Oil christening in India

Oil christening in India
By admin


I am lying naked on a wooden plank beneath a swaying a ceramic pot of herbal oil that drips through cotton tendrils and soaks my forehead, scalp and hair. This is a Shirodhara treatment and it feels like an extended baptism. 

I chose this as my first Ayurveda treatment based on the spa guide which advocated its benefits. “It induces a mental state similar to a trance¨ reduces insomnia, depression, anxiety, hypertension and mental retardation.” It is also said to awaken the third eye – the ability to see what cannot be seen. Like an experiment, I wanted to see just how hypnotised I could become under a stream of steamy oil. 

The first thing to know about Ayurveda treatments is that you need to be comfortable stripping off – there is no room for modesty when you are coated in oil and slippery as an eel. The second thing is that two women conduct the treatment if you are a lady and two men if you are a gentleman. 

Ayurveda medicine began three millennia ago and is a well-respected holistic approach to health that is compatible with western medicine. I have had many massages in my time, but the Ayurveda treatment I had in south India was like physical catharsis. It isn’t about muscles; it’s a purge and a rebirth.  

The second part of the treatment is a body massage that begins with a prayer; the two female masseuses stand behind each shoulder and sing with enough fervour to make you feel revered. Then come cotton buds soaked in yellow oil that needed some cross-lingual explanation. It turns out they are destined for my ears. It’s thorough, to say the very least.  
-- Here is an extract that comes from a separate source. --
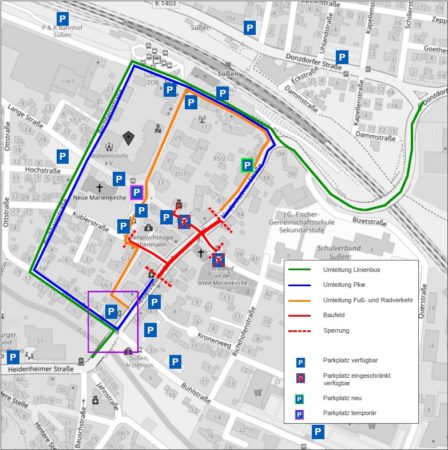 Baubereich und VerkehrsführungDer zweite Bauabschnitt erstreckt sich vom bisherigen Bauende auf Höhe des Gebäudes Heidenheimer Straße 79 bis zur Papeterie Kelsch. Auch die Küblerstraße und die Lange Straße werden teilweise mitausgebaut. Um die Belastung für Anwohner und Gewerbetreibende so gering wie möglich zu halten,wird der 2. Bauabschnitt nochmals in zwei Unterabschnitte unterteilt.Die Sperrung während des 2. Bauabschnitts betrifft den Bereich zwischen dem neuen Mini-Kreisverkehr an der Bahnbrücke und der Kreissparkasse. Für Anwohner,Kunden und Patienten der ansässigen Geschäfte und Arztpraxen bleiben die Zufahrten bis zur Baustelle dennoch befahrbar.Die Umleitung für den innerörtlichen Verkehr und den Busverkehr erfolgt über die Rechbergstraße und die Filsstraße.Vorarbeiten: Glasfaser-VerlegungVor dem eigentlichen Baubeginn muss zunächst ein Glasfaserkabel (LWL) umverlegt werden. Diese Arbeiten erstrecken sich vom jetzigen Bauende bis in die Bühlstraße und erfordern das Anlegen eines schmalen Grabens. Diese Arbeiten werden so zügig wie möglich durchgeführt,um Einschränkungen für die Anlieger zu minimieren.Geplante Sperrung ab Mitte MärzDie Sperrung wird voraussichtlich Mitte nächster Woche oder zu Beginn der darauffolgenden Woche (ab dem 17. März 2025) eingerichtet. Die Stadt Süßen hat bewusst den Beginn der Maßnahme zeitlich an die Öffnung der Löwenkreuzung angepasst. Die Sperrung der alten B10 an der Löwenkreuzung soll nach aktuellem Stand am Freitag,7. März 2025 im Laufe des Tages aufgehoben werden.Die Stadt Süßen bedankt sich bei allen Anwohnerinnen und Anwohnern sowie Gewerbetreibenden für ihr Verständnis und ihre Geduld während der Bauphase. Ziel ist es,die Aufenthaltsqualität in der Innenstadt nachhaltig zu verbessern und eine moderne Infrastruktur zu schaffen.PM Stadtverwaltung Süßen

Next comes the head massage, as sections of scalp are drenched in hot oil. I am beginning to smell like a crispy banana fritter. My feet are plopped into a gold basin of steaming hot water and the head to toe heat is soporific enough to make me stagger to the next station – the massage table.  

The massage strokes end at the stomach, transferring toxins from the body to be digested and excreted. Then comes the most bewildering part of the treatment. I am motioned to climb into a wooden coffin box with a hole for my head. The cupboard-like door has a tube of steam being pumped into it and it is all very medieval. After fifteen minutes in the steam box, the oil scent has turned my fragrance from a golden fritter to sour milk. This is the only massage I have had that leaves me energised instead of nap-ready, but that may be down to the startling aroma of the medicated oil.  

After a shower, I am seated at a dressing table where four silver boxes are laid out before me like a Victorian era pre-dinner ritual. The first box contains a cotton bud, and the second contains cotton balls that are stuffed in my ears to maintain body temperature. Next comes Ayurvedic gold dust that is rubbed into my scalp; it is said that its application maintains a consistent body temperature. The last is a packet of two orange pills called laxveda, prescribed with warm water after dinner to purify the body and extract toxins. I was dubious about what it would do to me, but I woke the next day feeling on top of the world.  

In fact, everything about my Ayurvedic experience was pleasant and while I did not slip into a trance or open a third eye, my oil christening left me feeling born-again.